McNamara was driven by enemy body counts. In his mind, the war was a game of attrition — whichever side had the fewer number of dead bodies would win.

He came from the business world (The Ford Motor Company) and was a master of systems analysis, so he treated war as if planning operational efficiency.

But car parts can’t think, and they don’t have emotions.

McNamara was a slave to metrics and made his decisions solely on quantitative observations, ignoring other factors like the attitudes of the native people, and their unconventional approach to engaging battles.

He held fast to his numbers, and McNamara had Lyndon Johnson believing in his bulletproof thinking.
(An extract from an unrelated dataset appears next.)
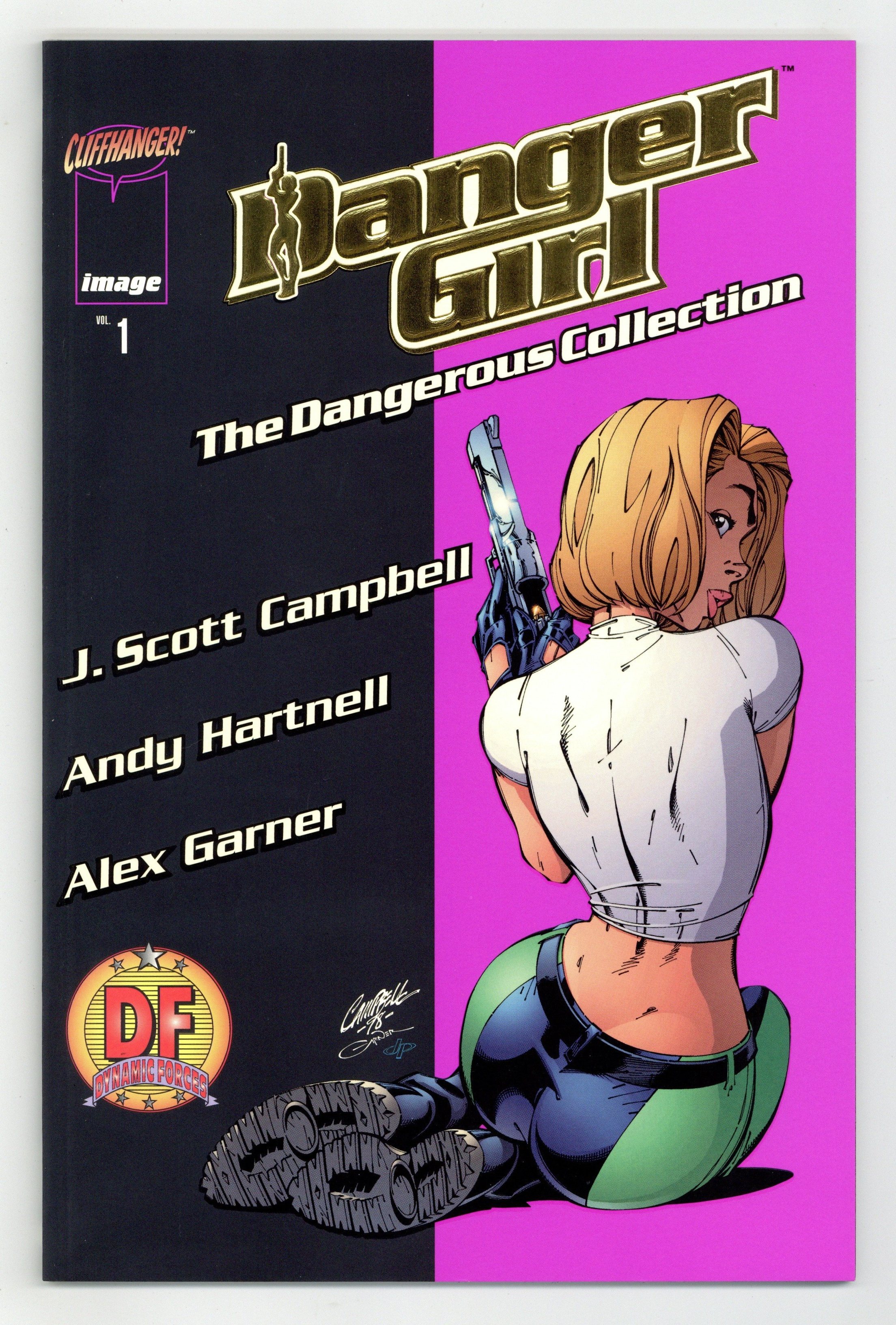 DF Gold Foil Edition - Volume 1 - 1st printing. Written by J. Scott Campbell and Andy Hartnell. Art by J. Scott Campbell and Alex Gardner. Includes Danger Girl (1998-2001) #1, the 8-page preview story, digitally remastered art and color, Commentary by J. Scott Campbell and Andy Hartnell, sketches and concept material, a cover gallery, and promotional extras. 54 pages, full color. NOTE: Limited to 6,000 copies. Includes Dynamic Forces Certificate of Authenticity. Cover price $5.95.
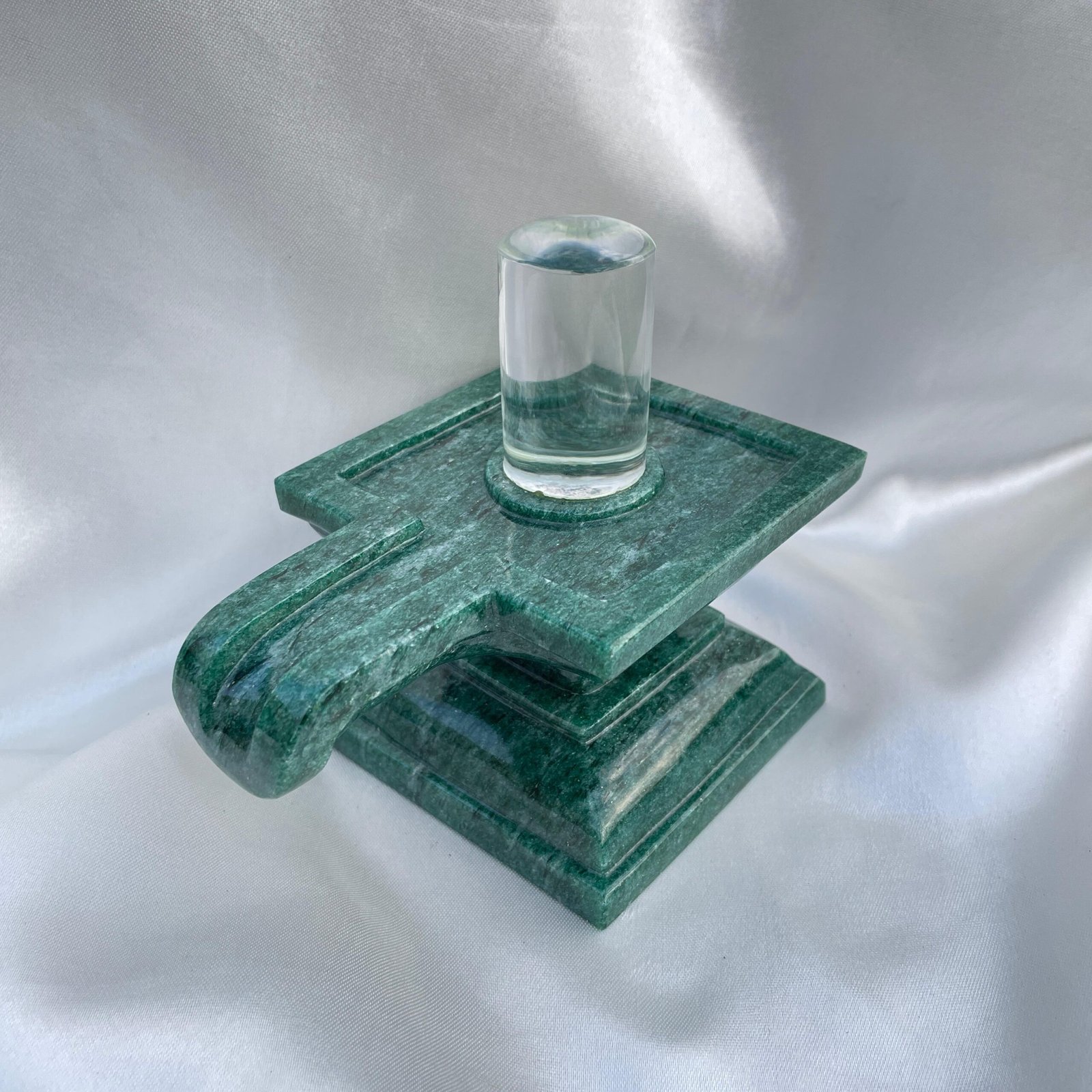 Crystal Lingam on Green Jade Base, Crystal Shivling

The Secretary of Defense’s belief in only what can be measured has been named The McNamara Fallacy.

Not to minimize the tragic sorrow of war, but today I see many marketers applying McNamara thinking to their initiatives and campaigns. They let metrics and analytics rule all their decision making.

If it cannot be measured, it doesn’t matter.

These marketers believe in testing, testing, testing–– and the result is the soulless, pedantic crap that floods all media and fuels our desire to avoid and despise advertising.

Are there big ideas out there, ones designed to win hearts and minds?

Precious few.

Instead, we are exposed to an assault of tactics designed to trigger response. Marketers believe if they string together enough battle victories, they’ll win the war.

Maybe, but at what cost?

If your marketing is strictly transactional, I doubt you’ll build much of a brand. You’ll occupy your turf until someone wages a better battle.

Price wars are the quintessential example of this.

Great brands are built with an empathetic understanding of human wants and needs, and an engaging, compelling presentation of why the brand exists and what it can do –– as filtered through the prism of humanity.

These ideas and brands become movements. They capture imaginations, and if the products perform, they instill loyalty and pride in ownership and use.

Weak brands exist in tactical warfare and decisions made solely by the numbers.The spreadsheets are analyzed, and new tactics loaded and deployed.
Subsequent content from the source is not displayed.